Status in linux package in Ubuntu:
  In Progress
Status in linux source package in Bionic:
  Fix Committed

Bug description:

  == SRU Justification ==
  This bug causes the machine to get stuck and bonding to not work when
  the nvmet_rdma module is loaded.

  Both of these commits are in mainline as of v4.17-rc1.

  == Fixes ==
  a3dd7d0022c3 ("nvmet-rdma: Don't flush system_wq by default during 
remove_one")
  9bad0404ecd7 ("nvme-rdma: Don't flush delete_wq by default during remove_one")
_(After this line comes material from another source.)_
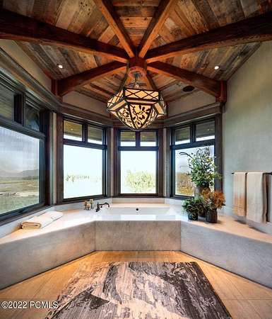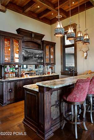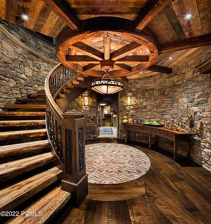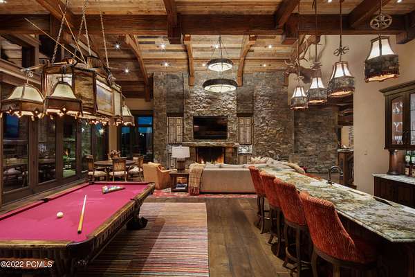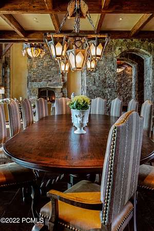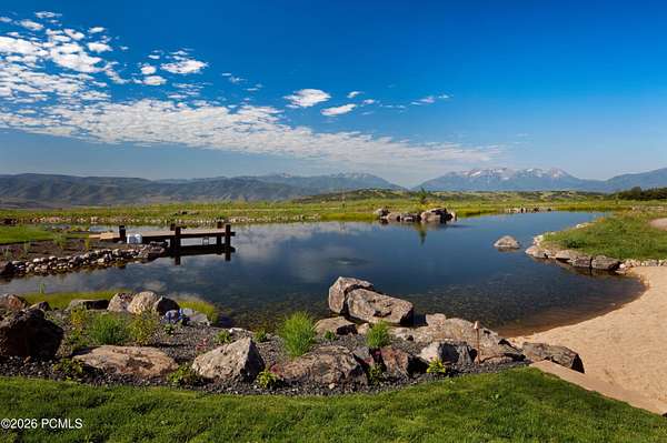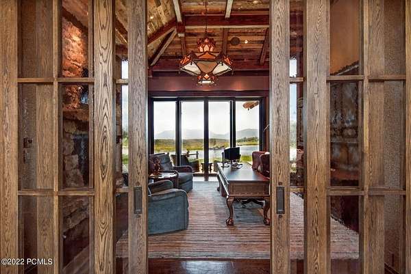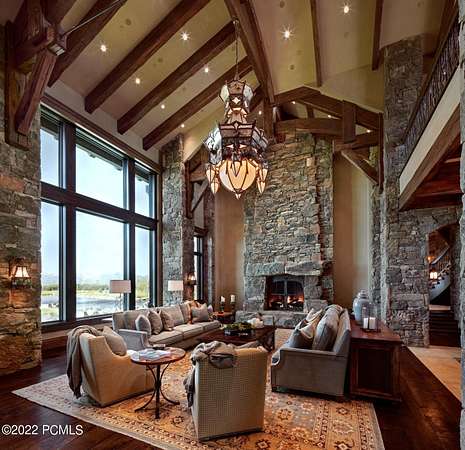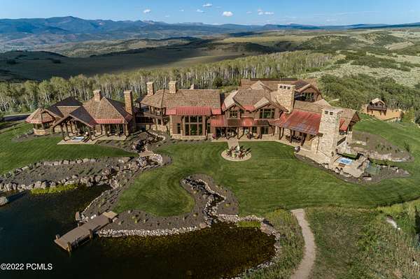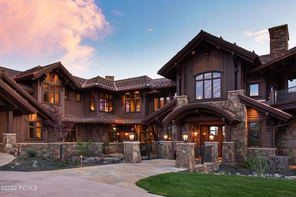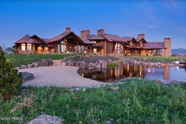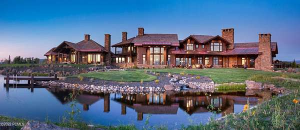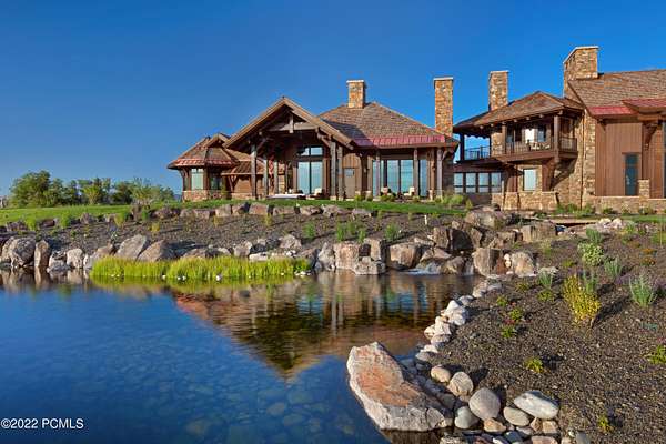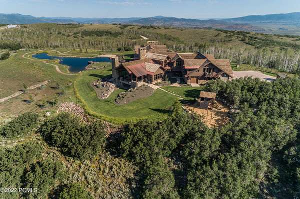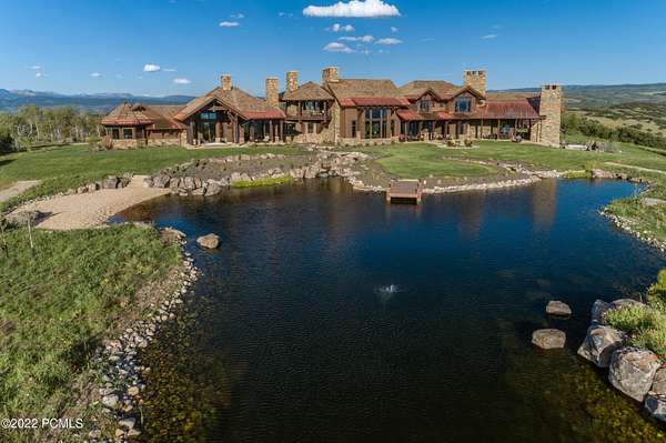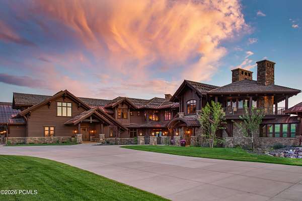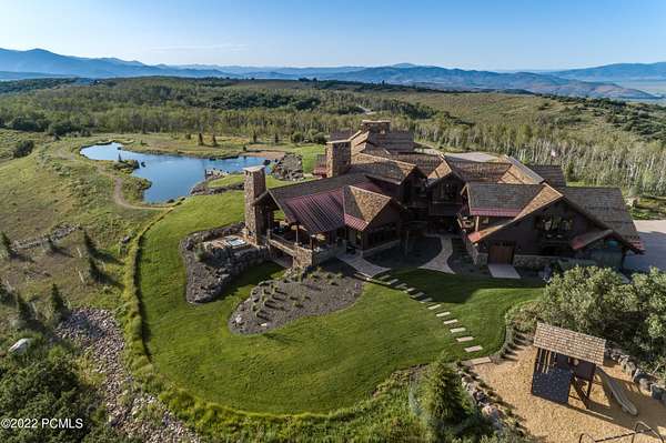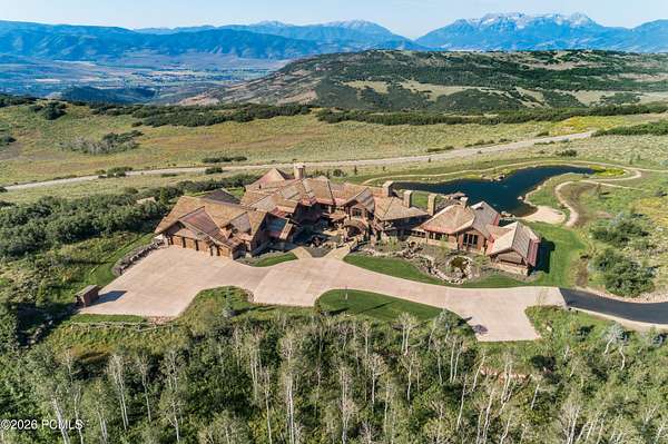 Timpanogos Ridge Estate is a rare opportunity to own a private 160-acre mountain retreat in one of Utah's most exclusive communities. Perched atop a commanding ridgeline, the estate captures sweeping views of Mount Timpanogos, the Heber Valley, and surrounding mountains. Evenings are defined by alpenglow skies reflecting across a private swimmable pond with sandy beach and dock, creating a setting that is both peaceful and unforgettable. The 17,500+ sq ft residence, built by Cameo Homes and designed by Paula Berg, showcases a level of craftsmanship rarely seen, hand-finished woodwork, custom iron detailing, and thoughtfully designed spaces that balance scale with warmth. Grand living areas and seamless indoor-outdoor transitions create an effortless environment for entertaining and everyday living. Outdoor living is at the heart of the property, with multiple patios, fire features, outdoor kitchens, and expansive lawns, all connected to over 60 miles of private trails that invite year-round adventure directly from your doorstep. Located within the gates of Wolf Creek Ranch, just 25 minutes to Deer Valley's East Village, the estate offers a rare balance of complete privacy and convenient access to world-class recreation.

  == Regression Potential ==
  Low.  Limited to nvme driver and tested by Mellanox.

  == Test Case ==
  A test kernel was built with these patches and tested by the original bug 
reporter.
  The bug reporter states the test kernel resolved the bug.


  
  == Original Bug Description ==

  Hi
  Machine stuck after unregistering bonding interface when the nvmet_rdma 
module is loading.

  scenario:

   # modprobe nvmet_rdma
   # modprobe -r bonding
   # modprobe bonding  -v mode=1 miimon=100 fail_over_mac=0
   # ifdown eth4
   # ifdown eth5
   # ip addr add 15.209.12.173/8 dev bond0
   # ip link set bond0 up
   # echo +eth5 > /sys/class/net/bond0/bonding/slaves
   # echo +eth4 > /sys/class/net/bond0/bonding/slaves
   # echo -eth4 > /sys/class/net/bond0/bonding/slaves
   # echo -eth5 > /sys/class/net/bond0/bonding/slaves
   # echo -bond0 > /sys/class/net/bonding_masters

  dmesg:

  kernel: [78348.225556] bond0 (unregistering): Released all slaves
  kernel: [78358.339631] unregister_netdevice: waiting for bond0 to become 
free. Usage count = 2
  kernel: [78368.419621] unregister_netdevice: waiting for bond0 to become 
free. Usage count = 2
  kernel: [78378.499615] unregister_netdevice: waiting for bond0 to become 
free. Usage count = 2
  kernel: [78388.579625] unregister_netdevice: waiting for bond0 to become 
free. Usage count = 2
  kernel: [78398.659613] unregister_netdevice: waiting for bond0 to become 
free. Usage count = 2
  kernel: [78408.739655] unregister_netdevice: waiting for bond0 to become 
free. Usage count = 2
  kernel: [78418.819634] unregister_netdevice: waiting for bond0 to become 
free. Usage count = 2
  kernel: [78428.899642] unregister_netdevice: waiting for bond0 to become 
free. Usage count = 2
  kernel: [78438.979614] unregister_netdevice: waiting for bond0 to become 
free. Usage count = 2
  kernel: [78449.059619] unregister_netdevice: waiting for bond0 to become 
free. Usage count = 2
  kernel: [78459.139626] unregister_netdevice: waiting for bond0 to become 
free. Usage count = 2
  kernel: [78469.219623] unregister_netdevice: waiting for bond0 to become 
free. Usage count = 2
  kernel: [78479.299619] unregister_netdevice: waiting for bond0 to become 
free. Usage count = 2
  kernel: [78489.379620] unregister_netdevice: waiting for bond0 to become 
free. Usage count = 2
  kernel: [78499.459623] unregister_netdevice: waiting for bond0 to become 
free. Usage count = 2
  kernel: [78509.539631] unregister_netdevice: waiting for bond0 to become 
free. Usage count = 2
  kernel: [78519.619629] unregister_netdevice: waiting for bond0 to become 
free. Usage count = 2

  The following upstream commits that fix this issue

  commit a3dd7d0022c347207ae931c753a6dc3e6e8fcbc1
  Author: Max Gurtovoy <m...@mellanox.com>
  Date:   Wed Feb 28 13:12:38 2018 +0200

      nvmet-rdma: Don't flush system_wq by default during remove_one

      The .remove_one function is called for any ib_device removal.
      In case the removed device has no reference in our driver, there
      is no need to flush the system work queue.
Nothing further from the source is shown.